Directions ▸
Could you output the entries that follow exactly, omitting any pictures they contain?

[[ Records for the exercise open ]]

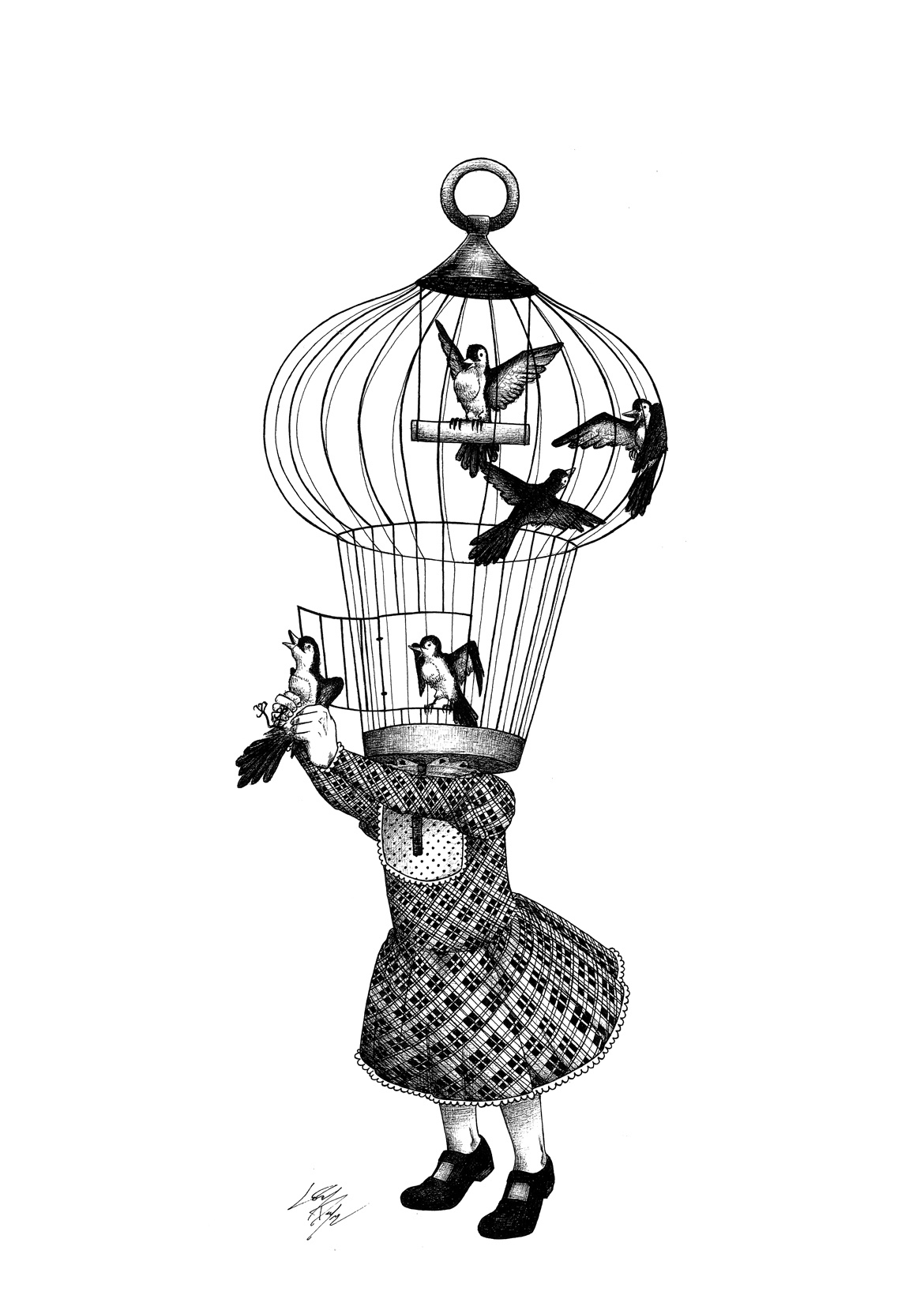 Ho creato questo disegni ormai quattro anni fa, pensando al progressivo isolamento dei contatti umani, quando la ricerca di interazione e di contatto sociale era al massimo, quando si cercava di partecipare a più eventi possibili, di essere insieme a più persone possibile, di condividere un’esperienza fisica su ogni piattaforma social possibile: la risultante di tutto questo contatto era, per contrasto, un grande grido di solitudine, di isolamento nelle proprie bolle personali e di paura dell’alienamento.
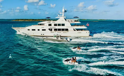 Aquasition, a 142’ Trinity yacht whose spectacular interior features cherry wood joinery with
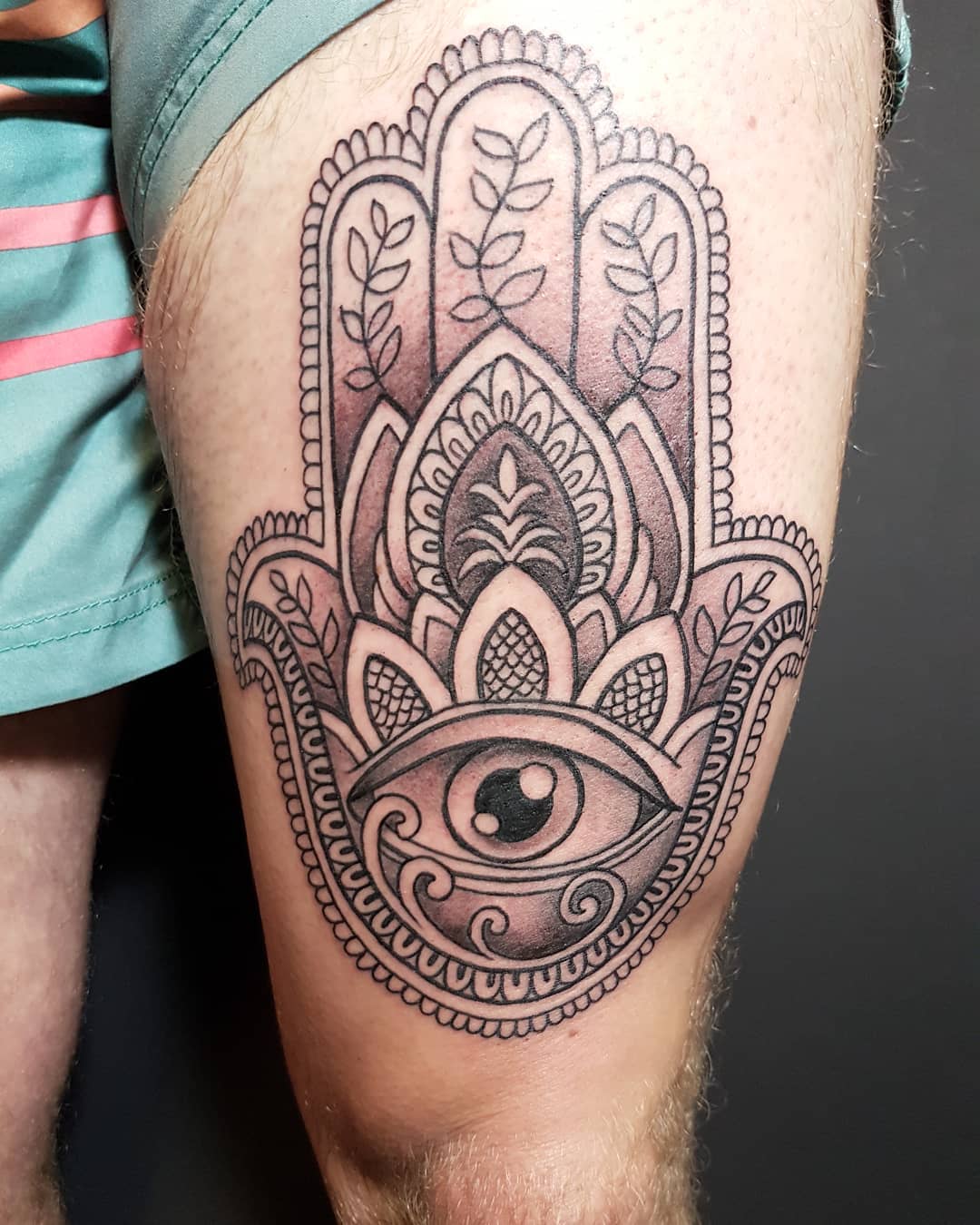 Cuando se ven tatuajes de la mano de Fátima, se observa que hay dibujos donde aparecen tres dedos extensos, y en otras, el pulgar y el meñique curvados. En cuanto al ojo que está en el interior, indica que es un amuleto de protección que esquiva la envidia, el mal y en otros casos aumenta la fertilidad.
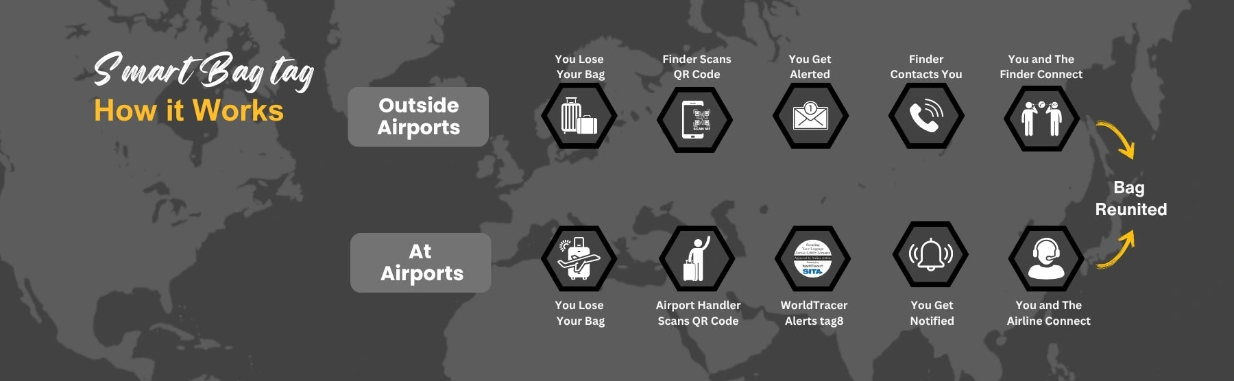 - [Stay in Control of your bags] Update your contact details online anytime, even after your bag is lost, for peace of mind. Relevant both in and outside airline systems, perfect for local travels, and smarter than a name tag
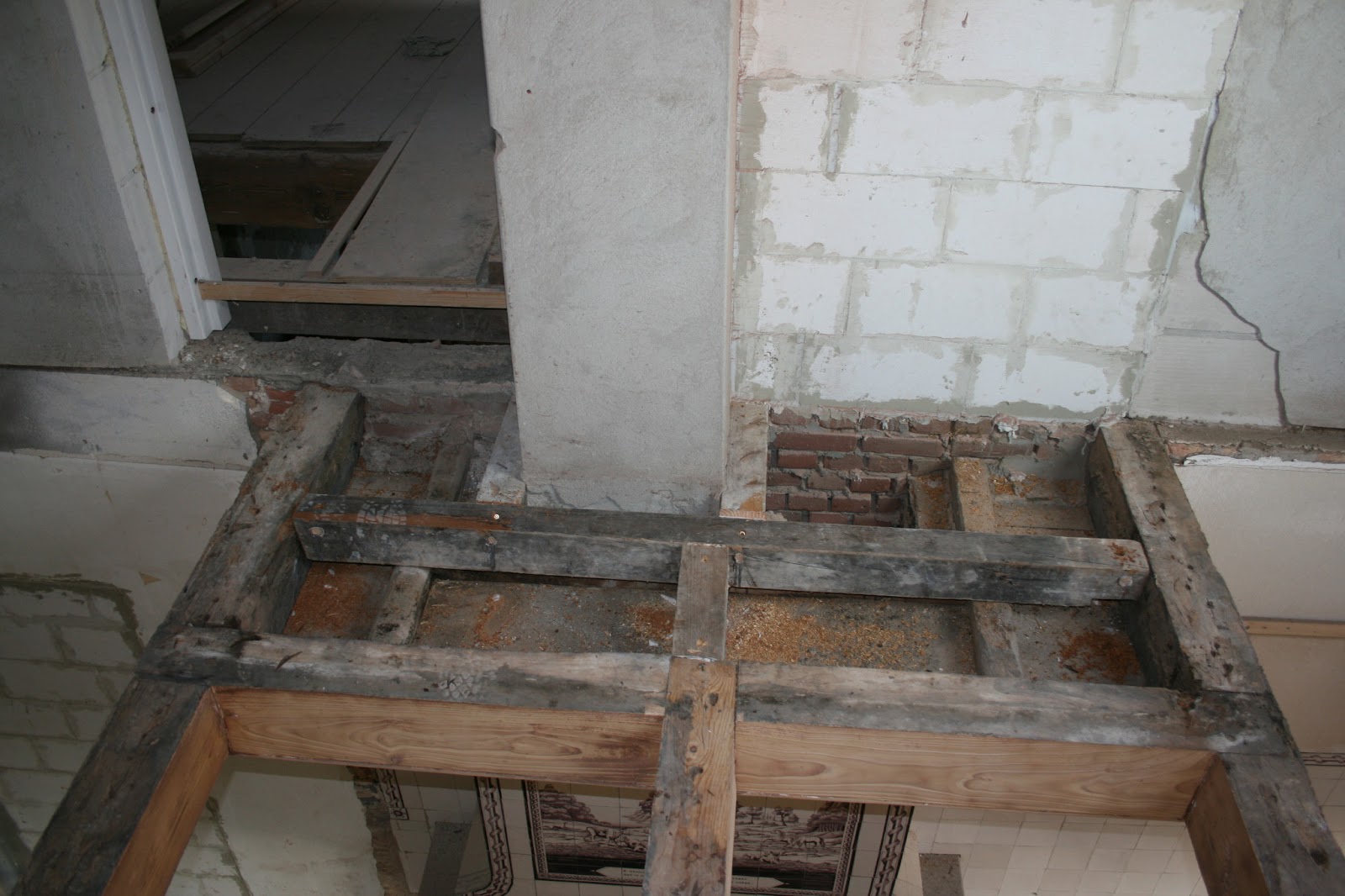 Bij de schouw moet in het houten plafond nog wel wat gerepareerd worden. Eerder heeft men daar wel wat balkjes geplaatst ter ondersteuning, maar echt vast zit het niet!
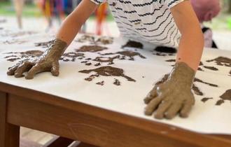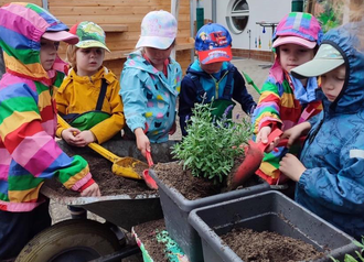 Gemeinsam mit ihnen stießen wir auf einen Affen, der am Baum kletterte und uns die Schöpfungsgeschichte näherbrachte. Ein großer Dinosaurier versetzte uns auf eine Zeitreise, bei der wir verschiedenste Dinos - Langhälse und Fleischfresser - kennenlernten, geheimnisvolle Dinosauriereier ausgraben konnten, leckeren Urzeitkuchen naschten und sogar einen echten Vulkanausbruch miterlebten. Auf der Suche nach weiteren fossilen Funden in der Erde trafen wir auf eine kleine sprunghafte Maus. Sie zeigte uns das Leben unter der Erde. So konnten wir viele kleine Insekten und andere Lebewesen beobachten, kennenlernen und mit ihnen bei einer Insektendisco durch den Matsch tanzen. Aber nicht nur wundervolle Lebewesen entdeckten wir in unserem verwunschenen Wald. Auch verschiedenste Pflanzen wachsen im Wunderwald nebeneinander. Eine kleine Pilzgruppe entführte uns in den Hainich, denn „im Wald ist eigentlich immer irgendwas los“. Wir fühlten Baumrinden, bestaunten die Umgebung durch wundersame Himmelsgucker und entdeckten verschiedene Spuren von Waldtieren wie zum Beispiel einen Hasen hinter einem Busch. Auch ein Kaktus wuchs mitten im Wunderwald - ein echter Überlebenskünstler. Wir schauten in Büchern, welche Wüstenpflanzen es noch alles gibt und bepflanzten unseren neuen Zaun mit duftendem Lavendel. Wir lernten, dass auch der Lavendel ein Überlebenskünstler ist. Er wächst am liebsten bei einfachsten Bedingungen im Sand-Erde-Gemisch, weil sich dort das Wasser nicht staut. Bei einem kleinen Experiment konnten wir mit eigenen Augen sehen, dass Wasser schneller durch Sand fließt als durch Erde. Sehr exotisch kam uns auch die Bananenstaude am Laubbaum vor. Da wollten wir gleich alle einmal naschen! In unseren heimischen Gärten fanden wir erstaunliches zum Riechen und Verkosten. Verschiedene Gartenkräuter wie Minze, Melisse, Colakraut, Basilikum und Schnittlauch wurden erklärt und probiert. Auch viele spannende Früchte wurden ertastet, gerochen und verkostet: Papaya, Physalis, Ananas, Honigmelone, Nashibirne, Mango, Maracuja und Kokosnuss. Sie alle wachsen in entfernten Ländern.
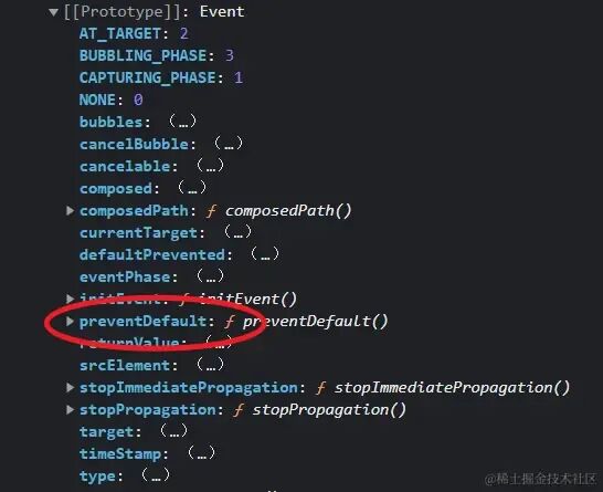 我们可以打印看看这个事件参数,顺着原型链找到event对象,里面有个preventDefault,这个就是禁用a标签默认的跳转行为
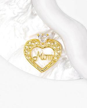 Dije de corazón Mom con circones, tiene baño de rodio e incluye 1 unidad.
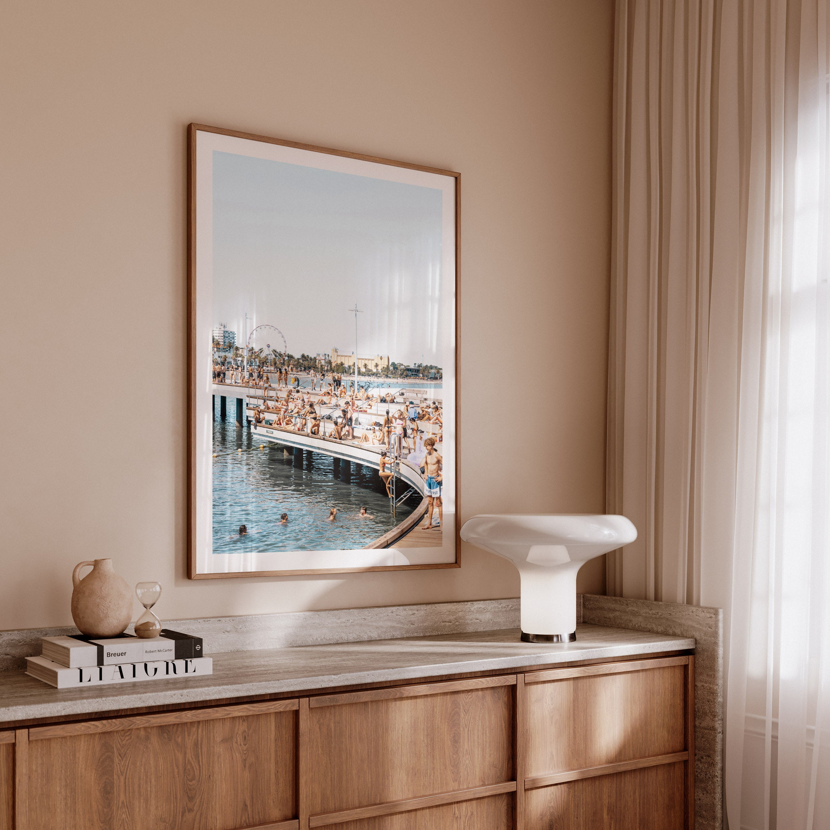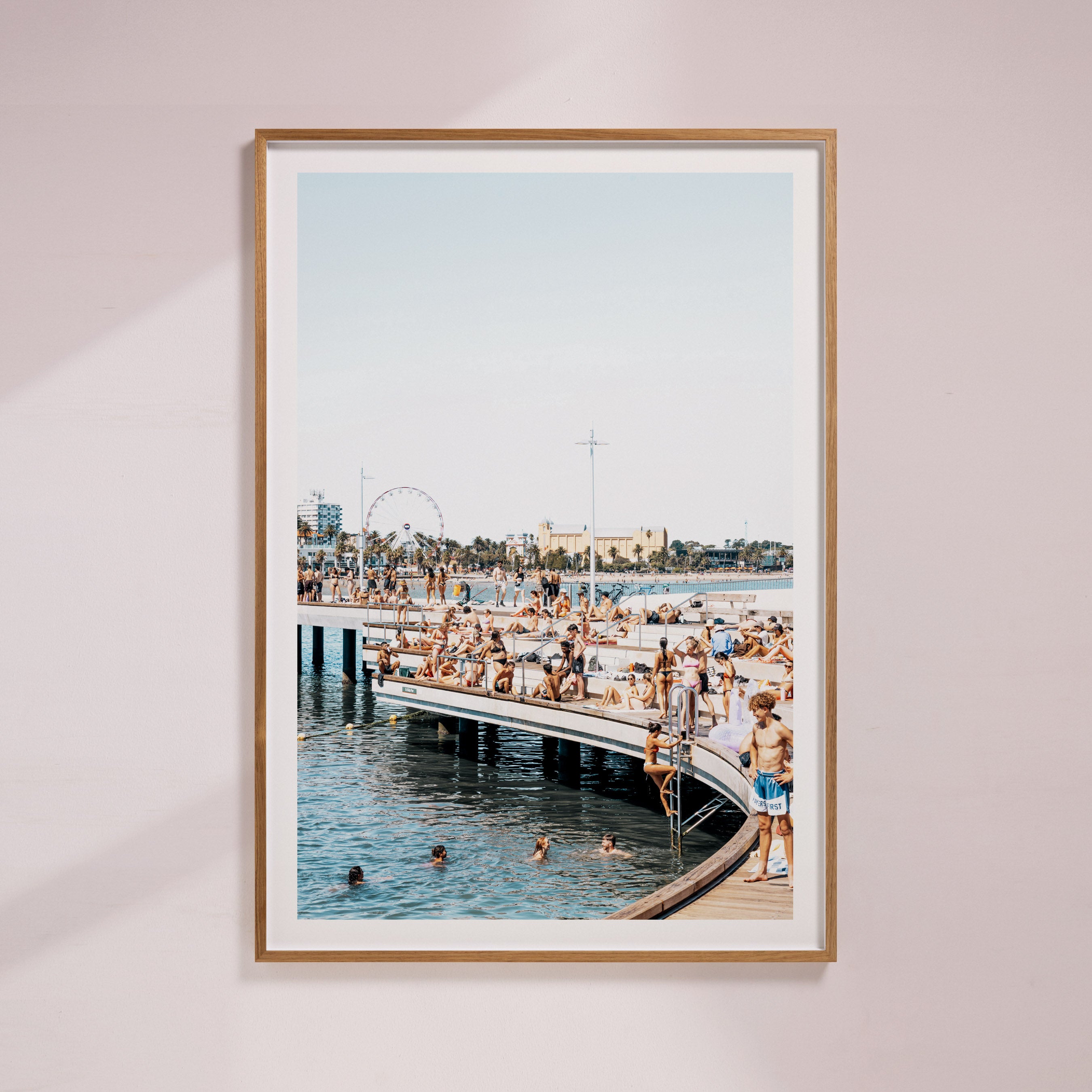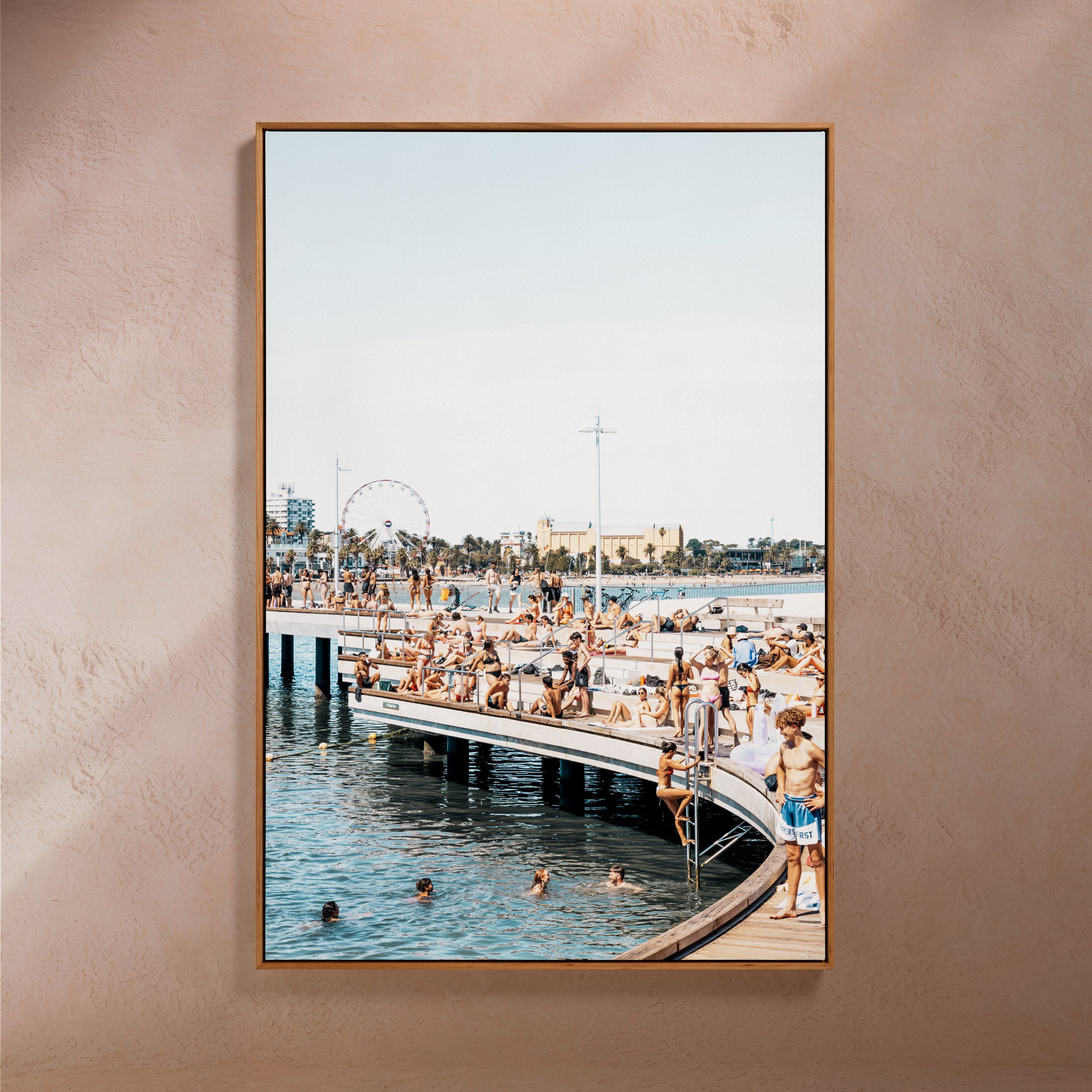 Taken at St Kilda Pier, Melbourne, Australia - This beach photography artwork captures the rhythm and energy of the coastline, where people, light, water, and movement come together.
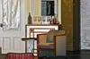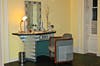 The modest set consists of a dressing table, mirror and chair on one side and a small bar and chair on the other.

[[ Records for the exercise closed ]]

Final answer ▸
 Ho creato questo disegni ormai quattro anni fa, pensando al progressivo isolamento dei contatti umani, quando la ricerca di interazione e di contatto sociale era al massimo, quando si cercava di partecipare a più eventi possibili, di essere insieme a più persone possibile, di condividere un’esperienza fisica su ogni piattaforma social possibile: la risultante di tutto questo contatto era, per contrasto, un grande grido di solitudine, di isolamento nelle proprie bolle personali e di paura dell’alienamento.
 Aquasition, a 142’ Trinity yacht whose spectacular interior features cherry wood joinery with
 Cuando se ven tatuajes de la mano de Fátima, se observa que hay dibujos donde aparecen tres dedos extensos, y en otras, el pulgar y el meñique curvados. En cuanto al ojo que está en el interior, indica que es un amuleto de protección que esquiva la envidia, el mal y en otros casos aumenta la fertilidad.
 - [Stay in Control of your bags] Update your contact details online anytime, even after your bag is lost, for peace of mind. Relevant both in and outside airline systems, perfect for local travels, and smarter than a name tag
 Bij de schouw moet in het houten plafond nog wel wat gerepareerd worden. Eerder heeft men daar wel wat balkjes geplaatst ter ondersteuning, maar echt vast zit het niet!
 Gemeinsam mit ihnen stießen wir auf einen Affen, der am Baum kletterte und uns die Schöpfungsgeschichte näherbrachte. Ein großer Dinosaurier versetzte uns auf eine Zeitreise, bei der wir verschiedenste Dinos - Langhälse und Fleischfresser - kennenlernten, geheimnisvolle Dinosauriereier ausgraben konnten, leckeren Urzeitkuchen naschten und sogar einen echten Vulkanausbruch miterlebten. Auf der Suche nach weiteren fossilen Funden in der Erde trafen wir auf eine kleine sprunghafte Maus. Sie zeigte uns das Leben unter der Erde. So konnten wir viele kleine Insekten und andere Lebewesen beobachten, kennenlernen und mit ihnen bei einer Insektendisco durch den Matsch tanzen. Aber nicht nur wundervolle Lebewesen entdeckten wir in unserem verwunschenen Wald. Auch verschiedenste Pflanzen wachsen im Wunderwald nebeneinander. Eine kleine Pilzgruppe entführte uns in den Hainich, denn „im Wald ist eigentlich immer irgendwas los“. Wir fühlten Baumrinden, bestaunten die Umgebung durch wundersame Himmelsgucker und entdeckten verschiedene Spuren von Waldtieren wie zum Beispiel einen Hasen hinter einem Busch. Auch ein Kaktus wuchs mitten im Wunderwald - ein echter Überlebenskünstler. Wir schauten in Büchern, welche Wüstenpflanzen es noch alles gibt und bepflanzten unseren neuen Zaun mit duftendem Lavendel. Wir lernten, dass auch der Lavendel ein Überlebenskünstler ist. Er wächst am liebsten bei einfachsten Bedingungen im Sand-Erde-Gemisch, weil sich dort das Wasser nicht staut. Bei einem kleinen Experiment konnten wir mit eigenen Augen sehen, dass Wasser schneller durch Sand fließt als durch Erde. Sehr exotisch kam uns auch die Bananenstaude am Laubbaum vor. Da wollten wir gleich alle einmal naschen! In unseren heimischen Gärten fanden wir erstaunliches zum Riechen und Verkosten. Verschiedene Gartenkräuter wie Minze, Melisse, Colakraut, Basilikum und Schnittlauch wurden erklärt und probiert. Auch viele spannende Früchte wurden ertastet, gerochen und verkostet: Papaya, Physalis, Ananas, Honigmelone, Nashibirne, Mango, Maracuja und Kokosnuss. Sie alle wachsen in entfernten Ländern.
 我们可以打印看看这个事件参数,顺着原型链找到event对象,里面有个preventDefault,这个就是禁用a标签默认的跳转行为
 Dije de corazón Mom con circones, tiene baño de rodio e incluye 1 unidad.
 Taken at St Kilda Pier, Melbourne, Australia - This beach photography artwork captures the rhythm and energy of the coastline, where people, light, water, and movement come together.
 The modest set consists of a dressing table, mirror and chair on one side and a small bar and chair on the other.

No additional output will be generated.